The different approaches will vary in their output. But they are usually conistant, at least at higher taxonomic levels.
These might be off-target sequences. What are these sample from? Soil? Host organism? If from a host organism these might be non-rRNA / off-target sequences. For example, some 16S primers will amplify 12S rRNA as off-targets. Which means they will not be assigned properly. Perhaps manually BLAST a few of these poorly assigned sequences and see what gene they are hitting?
Finally, would you be willing to share the QZA files for both the feature table and the representative sequences? You can send them to me via private DM.
Based on the Sample IDs, it appears you are trying to re-analyze data from this BioProject? After looking at the amplicon samples within the BioRpoject, and the rep-seqs file you shared, I noticed that the V3 primers were not trimmed prior to denoising with DADA2.
That is, I am assuming these (or highly similar) primers (Huse et al. 2008) were used:
If so, run cutadapt trim-paired, with the above primer sequences. I'd also make sure that the following options are enabled --p-discard-untrimmed and --p-match-adapter-wildcards. You can search the forum for related posts that explain why. Especially, in reference, as to why the primers should be removed.
Also, it appears that you may have to alter the orient-seqs parameters --p-perc-identity and possibly --p-query-cov . I tried setting --p-perc-identity 0.95 and that seemed to work well, while discarding slightly more sequences. If you want to be a bit more restrictive and truly do not care about Eukaryotes, then you can consider downloading and importing one of the GreenGenes reference databases from the Data resources page, and use that as the reference for orient-seqs.
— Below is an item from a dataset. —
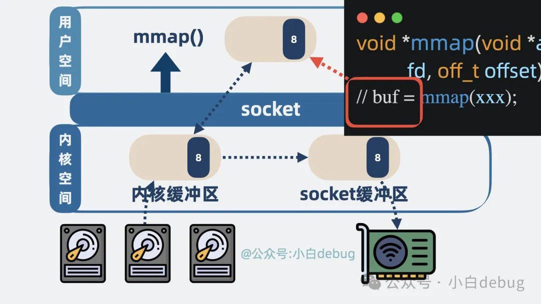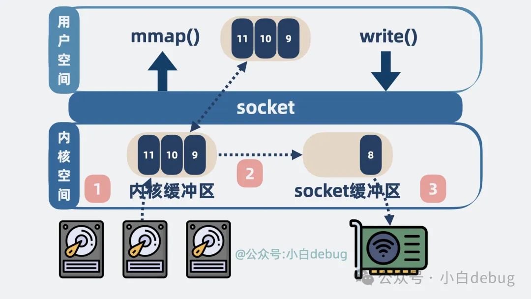 看到这里大家估计也蒙了,不是说零拷贝吗?怎么还有 3 次拷贝。mmap 作为一种零拷贝技术,指的是用户空间到内核空间这个过程不需要拷贝,而不是指数据从磁盘到发送到网卡这个过程零拷贝。

However, I'd try the following approach first...
I do find it very odd that ~15 samples appear to be comprised mostly of mixed oriented reads. That is they are in fact not Eukaryotes, but other microbial taxa. Again, they are being mistakenly classified as Eukaryotes via sklearn as it is searching the for a read that is not in the same orientation of the database. Perhaps the forward and reverse reads where swapped by accident upon upload to GenBank?
One easy solution to this is to modify your Manifest file by swapping the file-paths for the forward and reverse reads for these samples. This should result in the reads to being imported in the correct orientation. After importing in this way you should be able to proceed with cutadapt, denoising, and then taxonomy assignment.